Кого ни встретишь – всем, оказывается, живется плохо, одному Новацкому хорошо: ему интересно. Притом ни капли жизнерадостного идиотизима, напротив. Ворчит. Бывало, забежишь к ним, они с Любой питаются одним батоном, еще что-то было, только досталось собакам-кошкам, это святое. Он же подозревает, что дело не в клиническом отсутствии средств, но в неважном ведении хозяйства. И это не мешает каждый день наведываться в книжный магазин «Москва» – благо рукой подать, через дорогу.

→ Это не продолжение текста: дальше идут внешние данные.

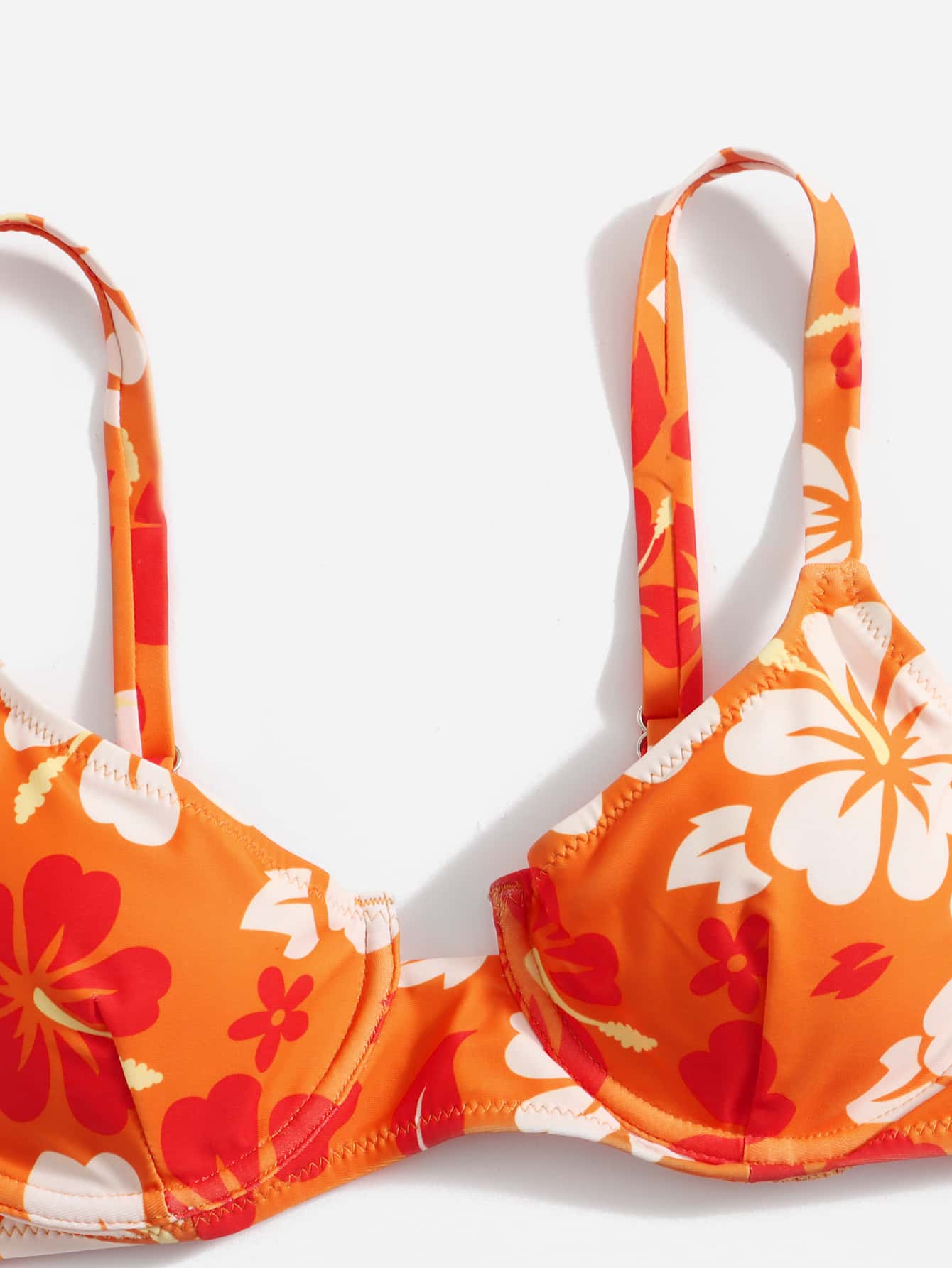WDIRARA Women’s Floral Print Underwire Bikini Swimsuit 2 Piece Bathing Suits Swimwear Orange

Позвонит, вернувшись домой: Ириша, в магазине Зеленин [15] появился, сами понимаете, купить необходимо. Потом еще Глоба со своей астрологией, занятно! А какой альбом китайской эротики! Ну еще вот что: мы с вами сборник «Фольклор и этнография» пропустили, его даже добытчик Лейкин не видел.

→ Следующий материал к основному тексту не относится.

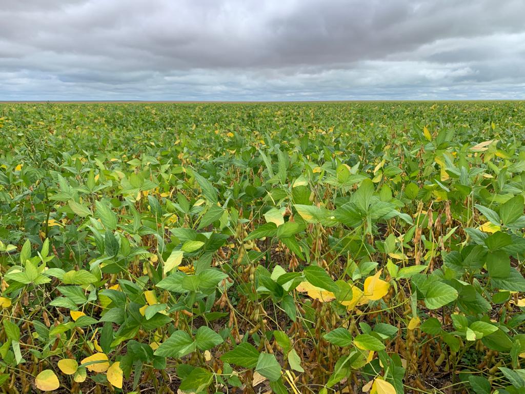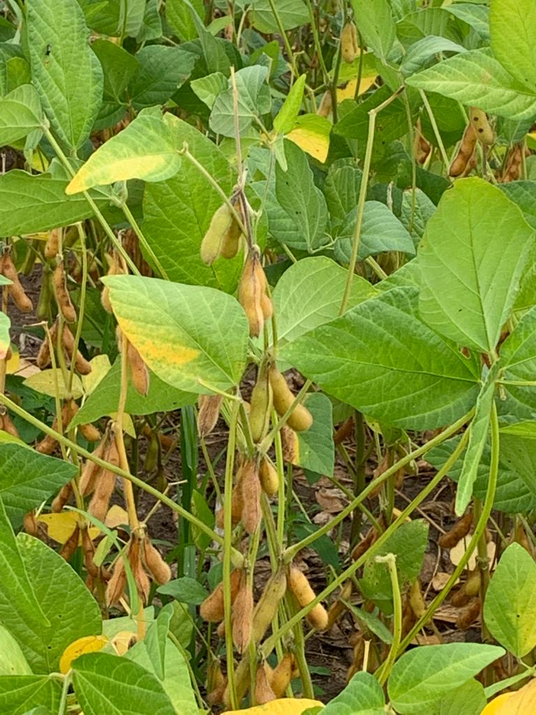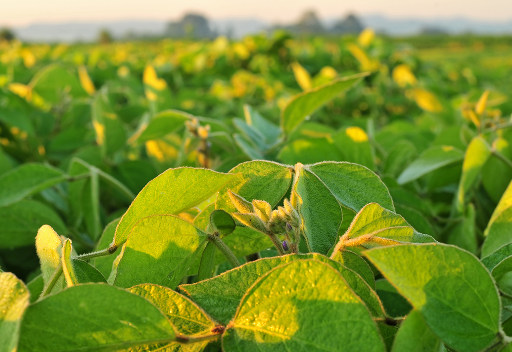 Close up of soybean plant in warm early morning light

Однажды Витя Назарити[16], ученик и сосед, принес мешок картошки, – денег, говорит, не принес, вы все равно на книги потратите.

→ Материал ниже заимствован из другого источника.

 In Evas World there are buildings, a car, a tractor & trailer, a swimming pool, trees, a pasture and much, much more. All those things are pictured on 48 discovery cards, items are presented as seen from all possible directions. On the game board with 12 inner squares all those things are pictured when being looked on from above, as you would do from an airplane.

Да как не потратить на книги? Такой библиотеки, как у Новацкого, пожалуй, и не встретишь. Фольклор, этнография, история и много чего еще… Ученый, право же, ученый мой друг Новацкий – хранитель, носитель, распространитель знаний. Знания свои в кубышку не прячет, сам добыл, сам и транжирит направо-налево, раздает всем желающим приобщиться к сокровищам. Он же, принимая от приходящих дары в виде колбасы-сыра или пирожного, никого еще не отпустил с пустыми мозгами. Чем-нибудь да загружал. Знания – это вам не шутки. И, прослышав о великой учености Новацкого, шли к нему ходоки со всех концов нашей безразмерной родины, а более всего кукольники.
Соберется, бывало, какой-нибудь режиссер из города N на кукольном театре «Колобок» ставить да и едет прямо к Новацкому, узнать, чтó ему для этого дела почитать надо по науке. За Новацким не залежится, читай, говорит, Проппа[17]. Либо же Шопенгауэра, а то еще можно вот это – «Боги, гробницы, ученые»[18], для «Колобка», говорит, в самый раз.
Я же навсегда запомню дивную картину: сидит наш Учитель, лекцию читает одному-единственному лицу, лицо же японское, скульптор Куми Сасаки из Токио. Только она авангардист, потому родная старина ей ни к чему. До встречи с Новацким, разумеется. Потом они спектакль сделали изумительный – «Каваримэ». Кукол, правда, не было, но были объекты, Новацкий-режиссер с ними справился запросто. Спектакли были прелести непередаваемой. Он, к слову, если брался за режиссуру, то и был в этом деле эдаким матерым.
Мы, кажется, приближаемся к естественному вопросу – где сей великий эрудит обрел свои знания, в каких университетах.
Да ни в каких, по правде говоря. Недоброжелатели – а такие были – говорили: он в школето доучился ли? Вопрос. Но чего не знаю, того не знаю, мы поздно познакомились, и только смутные вести клубились над его загадочным прошлым. То ли он актерствовал в провинции, то ли побыл на каком-то заводе, то ли в завлиты подряжался. Словом, все смутно. Всё. Одно лишь ясно, как божий день, – нигде он не был намерен работать, если ему не интересно. Нет и нет, и скорей обратно, в свою знаменитую комнату, что в центре Москвы, в Большом Гнездниковском переулке, в свое родовое гнездо в том смысле, что он там и родился.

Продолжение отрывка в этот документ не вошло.